Il device tanto demonizzato ha anche delle funzionalità nobili. La session è organizzata secondo improvvisazione: i musicisti arrivano con i loro strumenti, chiedono che venga riprodotta la musica che i migranti hanno nel cellulare e, sulla base di quelle melodie, si inizia a cantare e suonare tutti insieme. Si mischiano voci, si mescolano ritmiche, si uniscono mondi.

Già perchè negli smartphone di ciascuno si trova un universo di musiche varie, brani pop, rap, occidentali e non.

Chiaramente non tutti sono sempre disponibili a mettersi in gioco, a lasciarsi andare, a condividere la propria musica.

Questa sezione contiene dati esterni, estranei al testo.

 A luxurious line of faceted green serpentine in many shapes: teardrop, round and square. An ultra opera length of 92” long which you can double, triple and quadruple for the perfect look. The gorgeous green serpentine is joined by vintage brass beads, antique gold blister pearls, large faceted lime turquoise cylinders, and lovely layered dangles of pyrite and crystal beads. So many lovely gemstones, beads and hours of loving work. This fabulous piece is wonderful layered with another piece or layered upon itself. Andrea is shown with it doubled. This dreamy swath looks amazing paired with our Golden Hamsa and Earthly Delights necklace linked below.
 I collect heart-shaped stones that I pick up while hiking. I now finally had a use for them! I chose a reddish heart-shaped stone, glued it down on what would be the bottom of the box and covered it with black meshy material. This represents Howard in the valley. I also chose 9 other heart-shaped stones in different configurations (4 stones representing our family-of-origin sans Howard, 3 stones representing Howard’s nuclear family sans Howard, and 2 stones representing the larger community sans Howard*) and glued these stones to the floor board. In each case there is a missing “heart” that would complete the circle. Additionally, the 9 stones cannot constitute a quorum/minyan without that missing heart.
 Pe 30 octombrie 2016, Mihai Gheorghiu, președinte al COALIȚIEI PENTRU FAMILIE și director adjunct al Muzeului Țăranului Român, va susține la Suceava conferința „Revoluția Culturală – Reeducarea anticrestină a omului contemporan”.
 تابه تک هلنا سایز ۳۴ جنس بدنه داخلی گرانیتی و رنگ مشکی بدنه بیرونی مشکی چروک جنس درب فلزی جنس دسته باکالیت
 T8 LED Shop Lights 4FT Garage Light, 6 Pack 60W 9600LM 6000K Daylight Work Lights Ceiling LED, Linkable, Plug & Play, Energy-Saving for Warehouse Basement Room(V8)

È difficile mettere d’accordo più teste, far concertare culture diverse ma proprio da qui parte lo stimolo del creare ponti e avvicinare.

 

Una band come un laboratorio sperimentale che si fa testimonianza di un fatto epocale, quello dell’immigrazione. "In tutta Europa, la sensazione che si prova una volta varcate le porte dei centri, è sempre la stessa: un forte isolamento dal resto della società. Certo, le strutture del nord Europa funzionano meglio di quelle dei Paesi del Mediterraneo, ma anche lì i migranti vengono abbandonati a loro stessi. Non esistono", spiega Marco Bernacchia.

Quello che si cerca di fare, attraverso la musica, è ridare anima a posti in cui vige l’isolamento e la frustrazione della spersonalizzazione.

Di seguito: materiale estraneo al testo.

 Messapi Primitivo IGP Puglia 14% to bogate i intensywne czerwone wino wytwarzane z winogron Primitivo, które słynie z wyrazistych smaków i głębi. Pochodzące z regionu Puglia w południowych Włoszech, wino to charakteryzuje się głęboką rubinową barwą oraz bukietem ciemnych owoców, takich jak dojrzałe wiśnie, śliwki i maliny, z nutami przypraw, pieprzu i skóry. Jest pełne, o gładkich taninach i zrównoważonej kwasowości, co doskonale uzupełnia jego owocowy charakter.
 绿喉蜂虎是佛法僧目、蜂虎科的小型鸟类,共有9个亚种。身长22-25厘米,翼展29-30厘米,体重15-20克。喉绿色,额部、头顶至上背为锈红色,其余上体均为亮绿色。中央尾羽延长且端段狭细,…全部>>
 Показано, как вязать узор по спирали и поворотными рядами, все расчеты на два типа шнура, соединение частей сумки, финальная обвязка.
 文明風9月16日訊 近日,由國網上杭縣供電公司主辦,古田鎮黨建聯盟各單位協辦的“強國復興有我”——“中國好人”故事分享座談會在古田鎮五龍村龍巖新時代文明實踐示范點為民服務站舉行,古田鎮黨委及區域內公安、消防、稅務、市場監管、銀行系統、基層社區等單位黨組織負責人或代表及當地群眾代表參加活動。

Nelle jam session di Stregoni è l’essere umano che è il protagonista non il suo passato, nè quello che ha perso.

“L’aspetto più interessante per noi, è che la maggiorparte dei ragazzi, diversi tra loro, per estrazione culturale, studi e professionalità, amano il Paese in cui sono sbarcati. Nei nostri concerti italiani, capita spesso di vedere qualche ragazzo con la bandiera tricolore o la maglia della nazionale”, raccontano i due musicisti genitori del progetto.


commistióne s. f. [dal lat. tardo commixtio -onis, der. di commixtus: v. commisto]. – 1. letter. Unione, fusione, mescolanza di due o più cose o elementi.

Nella liturgia della messa, l’unione delle due specie, del pane e del vino, che il sacerdote compie, poco prima della Comunione, lasciando cadere nel calice un frammento dell’ostia consacrata, dopo averla spezzata.

Dunque, lasciate cadere dal vostro cuore un po’ di commistione.